The clock ticked on until 3 in the morning then the front door swung open. His voice roared up the stairs with his heavy footsteps. I knew that tone; he was coming for me. He pushed the bedroom door open, pulling the sheets off of me.

"Get up, bitch." He growled.

The smell of alcohol made my stomach heave in disgust.

"Let go of me." I snapped, pounding on his chest.

He dragged me onto the floor, kicking me into the corner.

"Stop it!" I screeched, feeling his fists beat on my back. My lungs burned, struggling to take in air.

"I am so sick of you." He seethed, pulling my face towards him. "You disgust me."

He dragged me into the bathroom slamming the door shut. My screams echoed off the tile and the tub.

"Stop screaming!" he shouted, thrusting me into the toilet.

"Get out Tobias! Get out!"

Tobias seized me by the throat, pinning me to the door.

"I don't know why I married you. Every day is a regret. Because of you, I still don't have my family. You couldn't protect our daughter. You're weak Madison. Look at you, on the floor, a repulsive mess."

"You're draining the life out of me." I shot back.

"I had nothing to do with this. You were damaged and you'll always be damaged."

"I am not weak or damaged."

"You are, look at you. You can't even walk away from me. All you do is tell me to stop, plead for me to stop, but you do nothing. I'll always have you Madison, you'll always be mine."

I rose to my feet trying to shoot him a deadly glare. He snickered, cupping my chin. I pushed his hand away, but couldn't budge it.

"I should have married Michelle. She continues to give me more than you ever will. Those five years you wanted to be pure, I had had Michelle. You weren't worth any type of wait and I figured that out on our wedding night."

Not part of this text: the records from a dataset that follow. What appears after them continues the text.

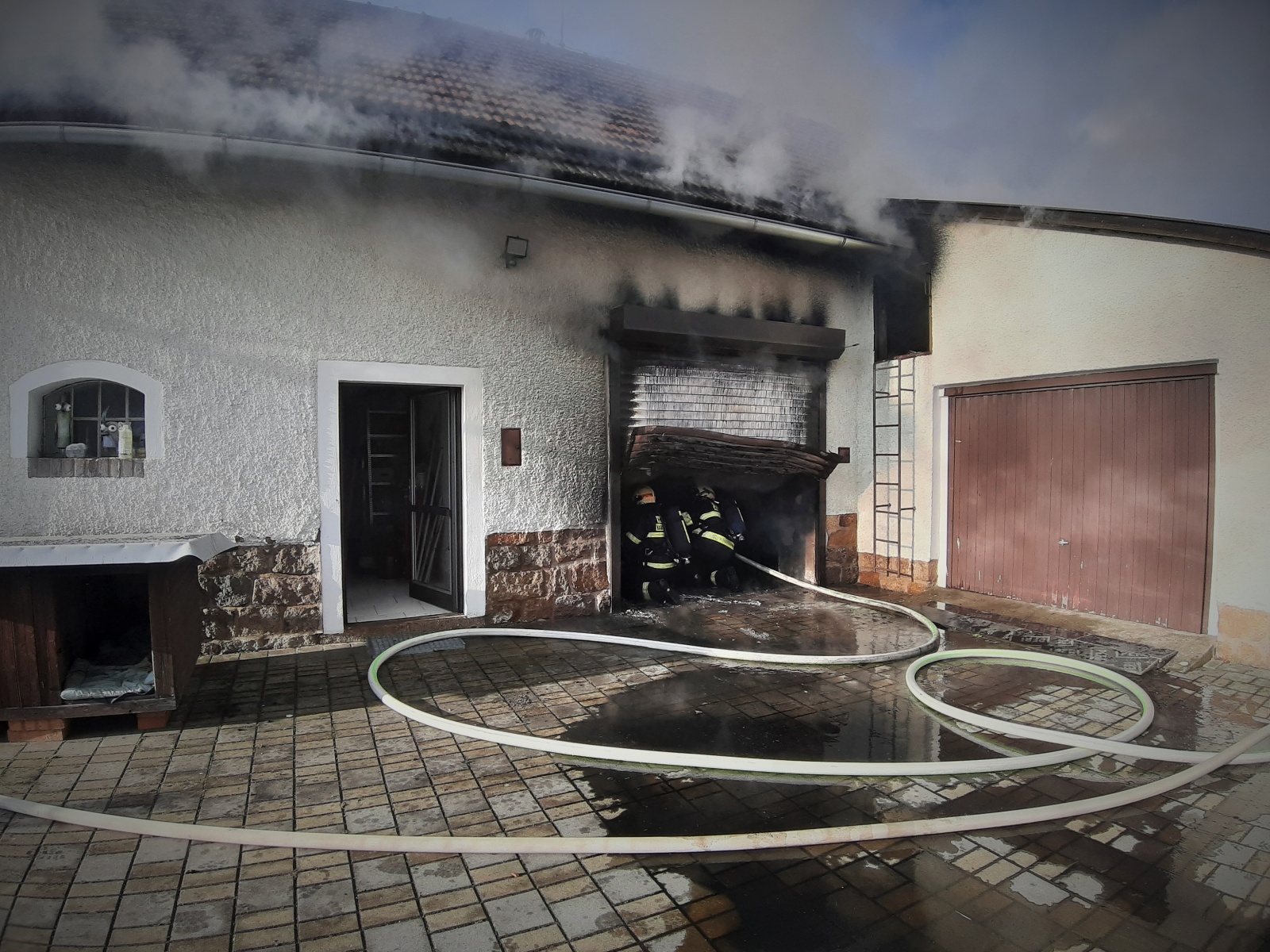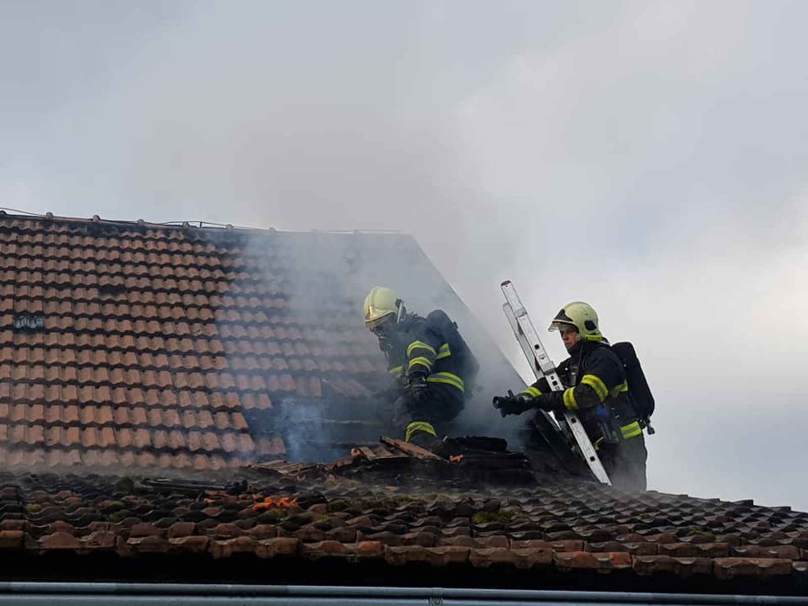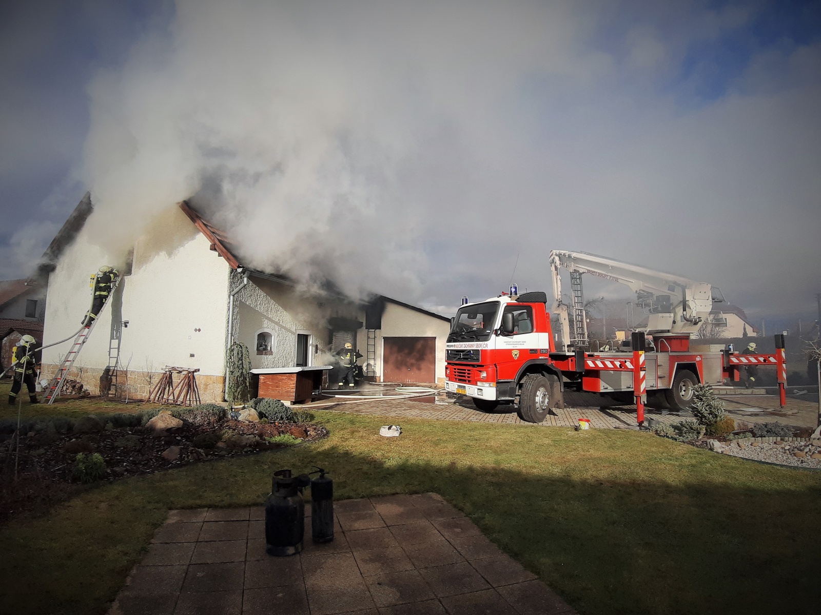 V průběhu zásahu se z objektu ozývaly výbuchy. Hasiči s dýchací technikou ihned zahájili hasební práce, vynesli kanystry s pohonnými hmotami a ustavili výškovou techniku. Voda byla do rozvinutého požáru dodávána čtyřmi vodními proudy. Pro zastavení šíření požáru pod střešní konstrukcí byly použity hasicí hřeby. Dodávka hasební vody byla plynule zajištěna pomocí obecní hydrantové sítě.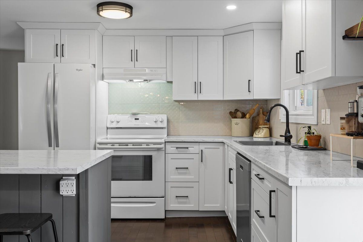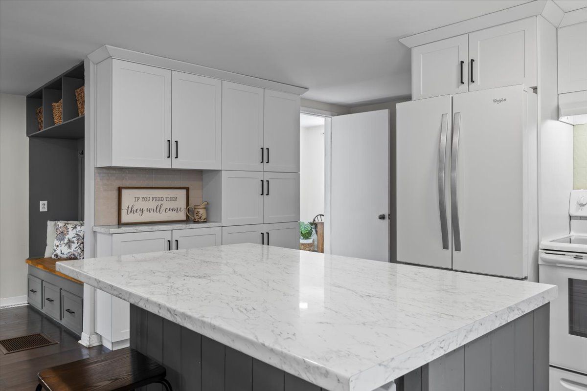 • Updated kitchen features an island and extra pantry storage for convenience.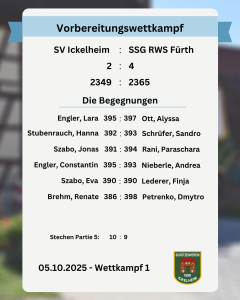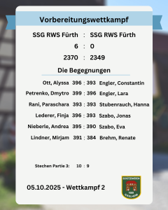 Zum dritten und letzten Vorbereitungswettkampf für die 2. Bundesliga-Saison konnten wir heute eine Mannschaft der SSG RWS Fürth (ehemals SSG Dynamit Fürth) begrüßen.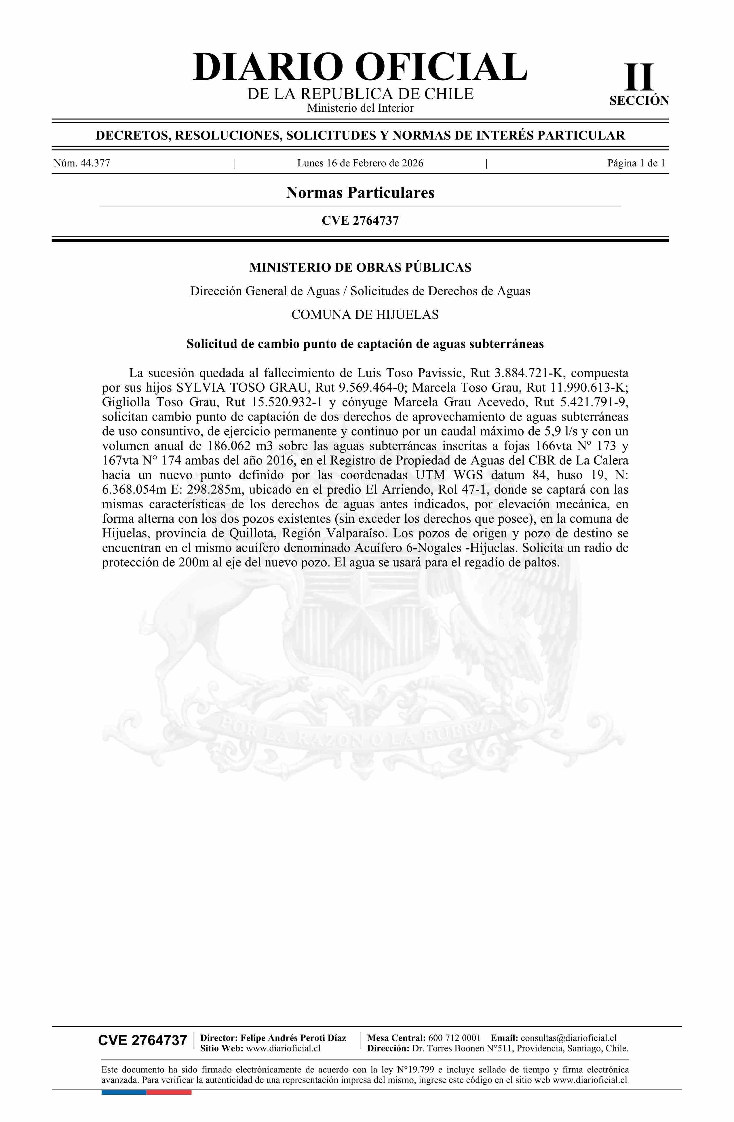 Fuente: Diario Oficial Edición Electrónica (Diario Oficial de Chile - 2 Normas Particulares) Página(s): 207

He released me, letting me slide onto the floor choking and gasping for air in suppressed sobs.

"I hate you Tobias, I hate you!"

He knelt in front of me, holding me by the neck. My flight mode kicked in, rattled by the other hand wrapped around the back of my neck.

"You hate me?" his voice sounded thin and odious.

He lifted the toilet seat dunking my face in, in the same fluid movement. I buckled, gripping the sides of the bowl. My nails slid off the smooth surface as I struggled to pull my face out. His grip tightened, making my face grow numb. The air from my lungs was stale and not nearly enough to keep me conscious. With a shaking hand I reached up for the lever and pulled it down. The water swirled down allowing me to violently suck air in. He yanked my head out, pushing my body up against the wall.